Stored data:
·····

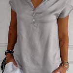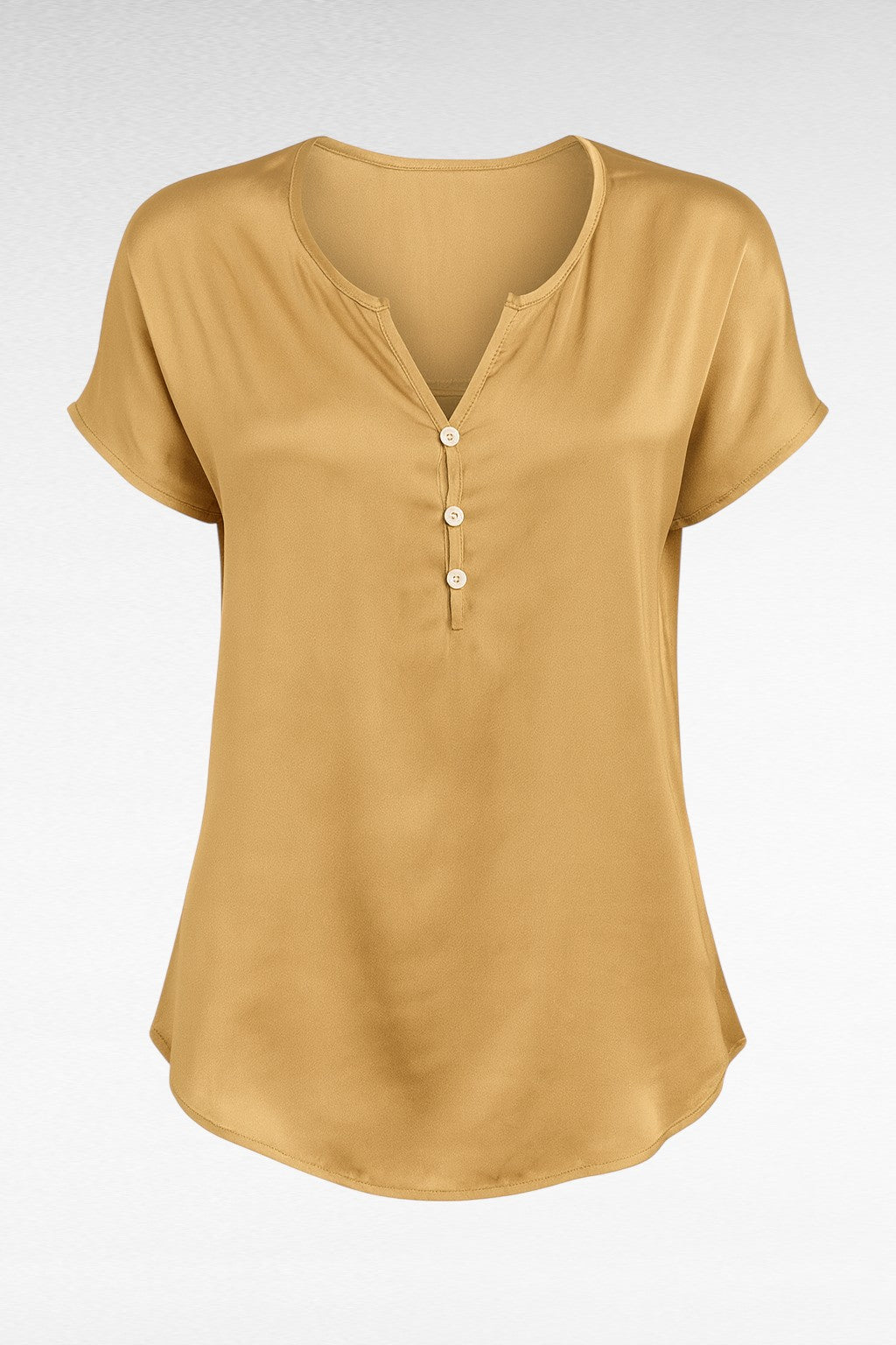 Voeg een vleugje luxe toe aan je garderobe met deze verfijnde satijnen blouse in een warme champagnekleur. De soepele stof valt zacht langs het lichaam en geeft een subtiele glans die perfect is voor zowel casual als chique gelegenheden. De diepe V-hals met sierlijke knoopsluiting en licht omgeslagen mouwtjes zorgen voor een nonchalante, maar toch stijlvolle uitstraling.
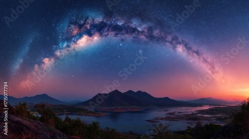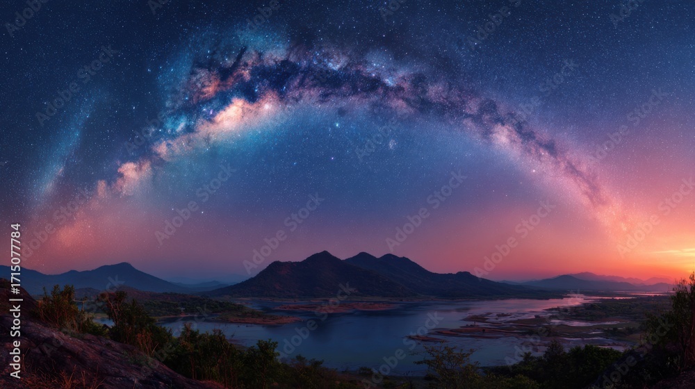 The watermark will not be included on Wall mural.: A breathtaking view of the night sky filled with stars and the milky way arching over rolling mounta
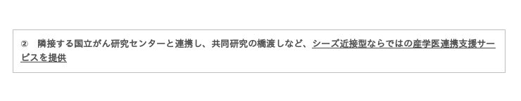 2. 隣接する国立がん研究センターと連携し、臨床試験の橋渡しなど、シーズ近接型ならではの産学医連携支援サービスを提供
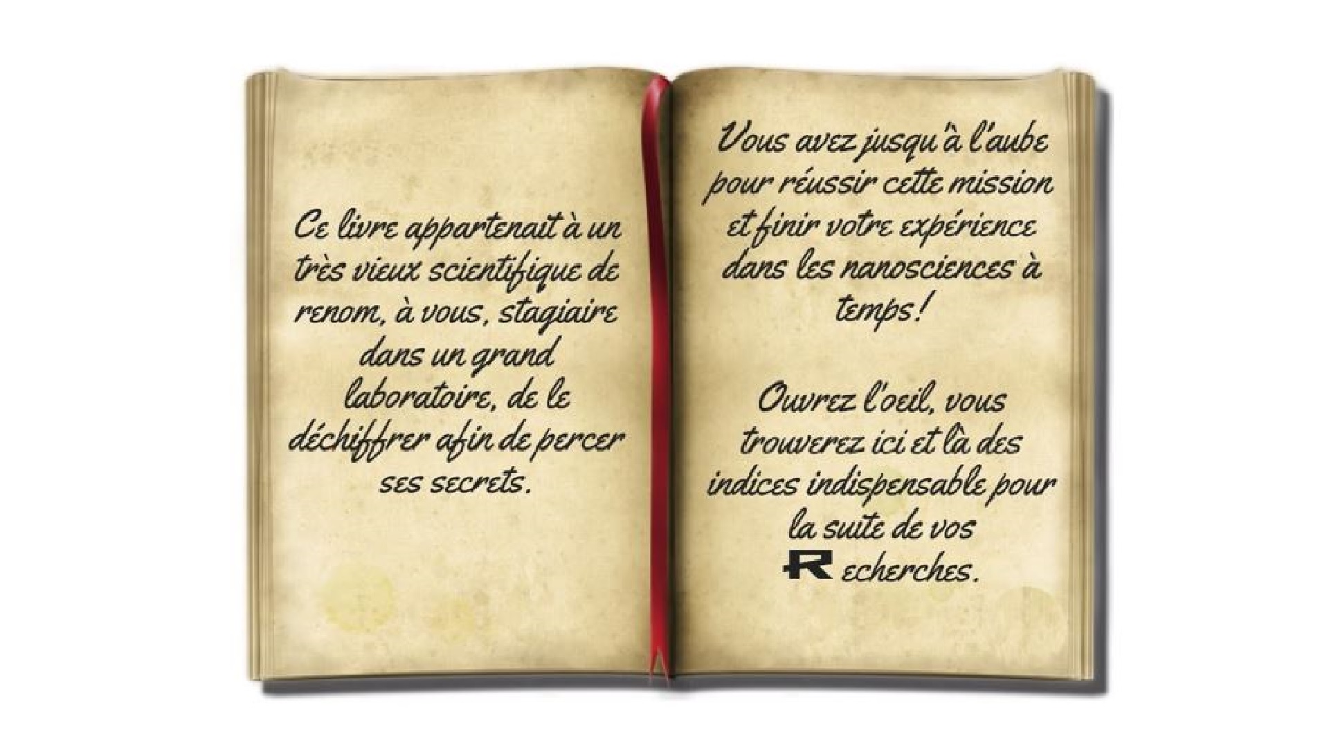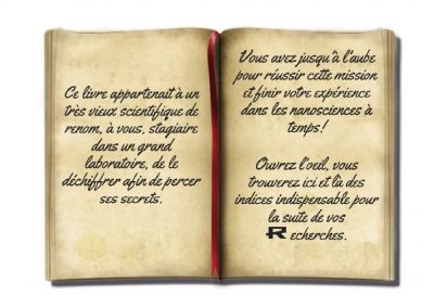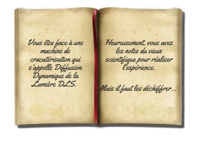 S’évader d’une de ces salles n’est pas aisée. Par chance, un vieux scientifique de renom a laissé son manuscrit aux élèves de l’EIDD et aux aventuriers venus affronter cet escape game. Dans la peau de stagiaires d’un grand laboratoire, ces aventuriers trouveront-ils les codes de sortie de la DRX, de l’ICPMS ou encore de la DLS. Sortiront-ils indemnes de ces salles ?
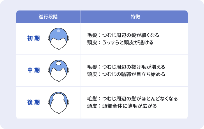 つむじはげの進行は、一般的に次の3段階で進みます。
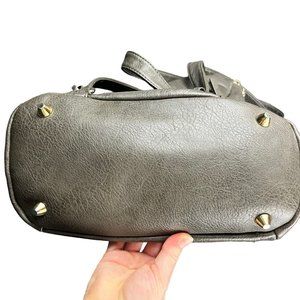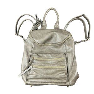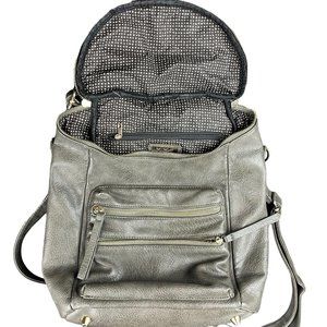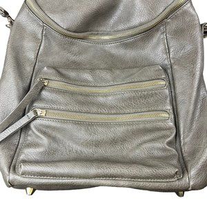 For sale: Stylish vegan leather backpack / bag. A shade of gray with gold hardware. Large interior and lots of pockets.

·····

Only the lines from the one containing "2. 隣接する国立がん研究セ" through the last line of the data may appear in the answer, each given again exactly and with pictures left out.

 2. 隣接する国立がん研究センターと連携し、臨床試験の橋渡しなど、シーズ近接型ならではの産学医連携支援サービスを提供
 S’évader d’une de ces salles n’est pas aisée. Par chance, un vieux scientifique de renom a laissé son manuscrit aux élèves de l’EIDD et aux aventuriers venus affronter cet escape game. Dans la peau de stagiaires d’un grand laboratoire, ces aventuriers trouveront-ils les codes de sortie de la DRX, de l’ICPMS ou encore de la DLS. Sortiront-ils indemnes de ces salles ?
 つむじはげの進行は、一般的に次の3段階で進みます。
 For sale: Stylish vegan leather backpack / bag. A shade of gray with gold hardware. Large interior and lots of pockets.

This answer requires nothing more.